Every year, 26,000 babies are stillborn in America. In 2003, one of them was my son.

Monday, October 4, 2010

Searching for the Answers to Stillbirth

I came across an article written in March 2006 by journalist Suzanne Pullen of the San Francisco Chronicle and wanted to share some of it here with you. Ms. Pullen lost her son Avery in 2005 at 24 weeks.

She cites statistics I have mentioned in earlier posts and backs up my hope--the hope of stillbirth parents everywhere--that more research will be done into stillbirth. Here are a few excerpts from her article: (complete article can be accessed here)
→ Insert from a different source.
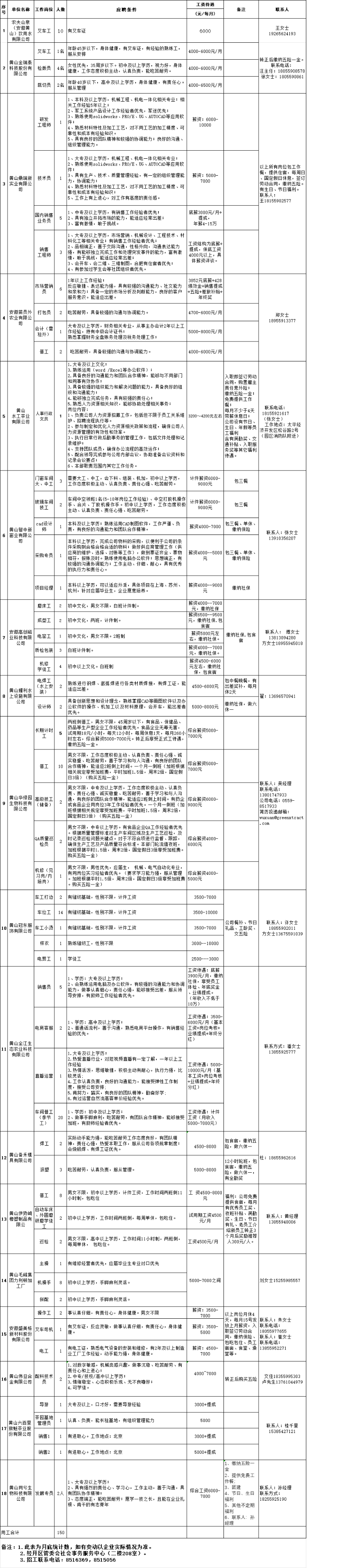 黄山太平经开区企业用工需求月汇总表(2025年1月)

"Searching for answers will provide little solace to many parents because so little research has been done on the causes of stillbirth -- classified by most in the medical community as the death of a fetus at or beyond 20 week's gestation. The efforts of many researchers have been stymied by the lack of standardized methods of reporting stillbirths and the collection of data from hospital to hospital, county to county, state to state. Fetal autopsies -- which are not covered by all insurance companies and have no national protocol -- are not required by law or hospital policy unless foul play is suspected."


"Stillbirth has been an extremely under-researched area," said Dr. Uma Reddy, an OB/GYN with the National Institutes of Health. "There is a huge gap in information."

Why? Why is stillbirth so under-researched? When will people understand that something needs to be done?

I spoke this morning with the husband of a friend. He and his wife lost their second child, a son, at full-term just one year ago. They don't know why he died. She is now pregnant with another son and they are, of course, terrified. Neither of them hail from the U.S.; both come from different European countries. My friend's husband, a scientist and Ph.D., told me how shocked he was at the statistics for stillbirth in this country. In their native countries cases of stillbirth are much, much lower. Why? He thinks, perhaps, medical professionals in their native countries have more awareness of the issue, pay more attention to risk factors.

Yes, it's anecdotal, but--what if he's right?

We can cut the numbers of babies stillborn every year down dramatically, if we, as a nation, only have the will.

What will it take?


Catherine W said...

It is frightening how little research there appears to be into stillbirth. I suspect that the 'diagnosis' of stillbirth covers a wide range of circumstances, in reality.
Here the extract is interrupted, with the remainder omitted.